■ **Work task**:
Would you give the listing again exactly as written, minus its pictures?

■ **Data block**:
=-=-=-=-=

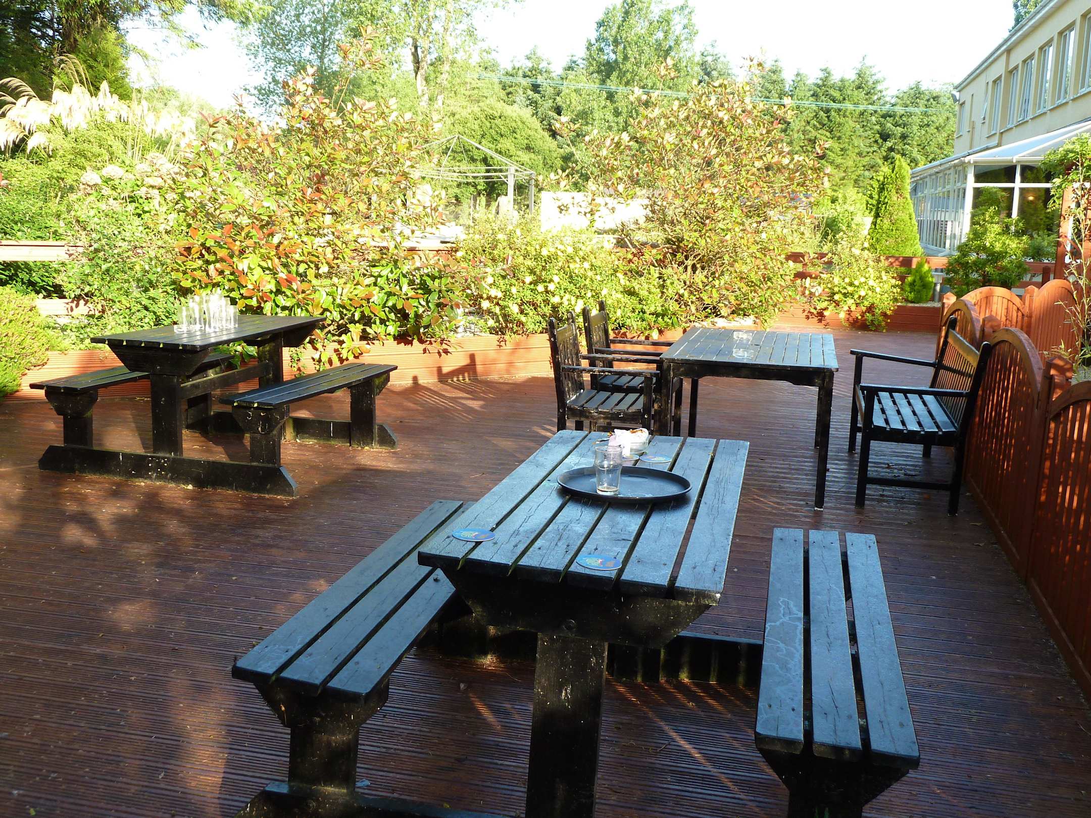Tische hinter dem Hotel
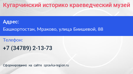 Кугарчинский историко-краеведческий музей по адресу Башкортостан, Мраково, улица Биишевой, 88 в дальнейшем Организация, размещена в следующих категориях:
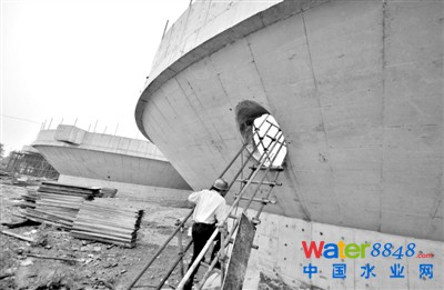 昨日,郭公莊水廠,機(jī)械加速澄清池正在施工。記者 薛珺 攝

=-=-=-=-=

■ **Solution**:
Tische hinter dem Hotel
 Кугарчинский историко-краеведческий музей по адресу Башкортостан, Мраково, улица Биишевой, 88 в дальнейшем Организация, размещена в следующих категориях:
 昨日,郭公莊水廠,機(jī)械加速澄清池正在施工。記者 薛珺 攝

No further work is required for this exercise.